* Assignment *
Would you copy the lines below exactly and omit the images?

*** Opening Data extract ***

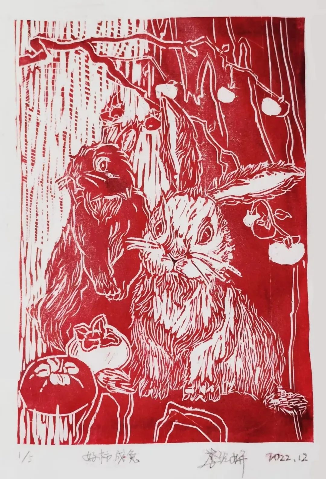 作品的名称是《好柿成兔》,它是通过木刻版画的形式进行创作。作品的主体是两只雌雄兔正印证今年是卯兔年,而饱满欲坠的早柿则满含过年喜气,寓意着丰收和好运。“立秋胡桃白露梨,寒露柿子红了皮”,红艳的柿子,如一盏盏红灯笼挂在寒雪枝头,“大红灯笼高高挂,又到爆竹声声时”,霜柿临了春晓,福兔送来祥瑞,待到冰雪消融时,阖家欢乐把年过。通过这个作品我想表达的是我对新春的美好期待好事成双,好运连绵不断。
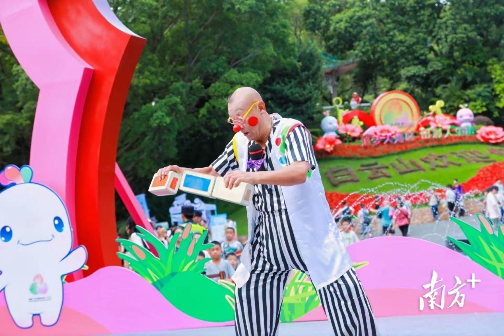 2025年10月2日,78岁的李春来在为市民表演滑稽艺术。受访者供图
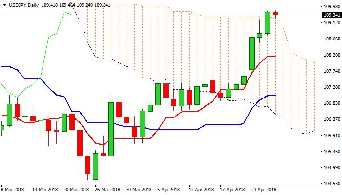 The pair trades within narrow consolidation on Thursday, holding under new high at 109.46, posted after another strong rally on Wednesday and retested today.

*** Closing Data extract ***

* Solution *
 作品的名称是《好柿成兔》,它是通过木刻版画的形式进行创作。作品的主体是两只雌雄兔正印证今年是卯兔年,而饱满欲坠的早柿则满含过年喜气,寓意着丰收和好运。“立秋胡桃白露梨,寒露柿子红了皮”,红艳的柿子,如一盏盏红灯笼挂在寒雪枝头,“大红灯笼高高挂,又到爆竹声声时”,霜柿临了春晓,福兔送来祥瑞,待到冰雪消融时,阖家欢乐把年过。通过这个作品我想表达的是我对新春的美好期待好事成双,好运连绵不断。
 2025年10月2日,78岁的李春来在为市民表演滑稽艺术。受访者供图
 The pair trades within narrow consolidation on Thursday, holding under new high at 109.46, posted after another strong rally on Wednesday and retested today.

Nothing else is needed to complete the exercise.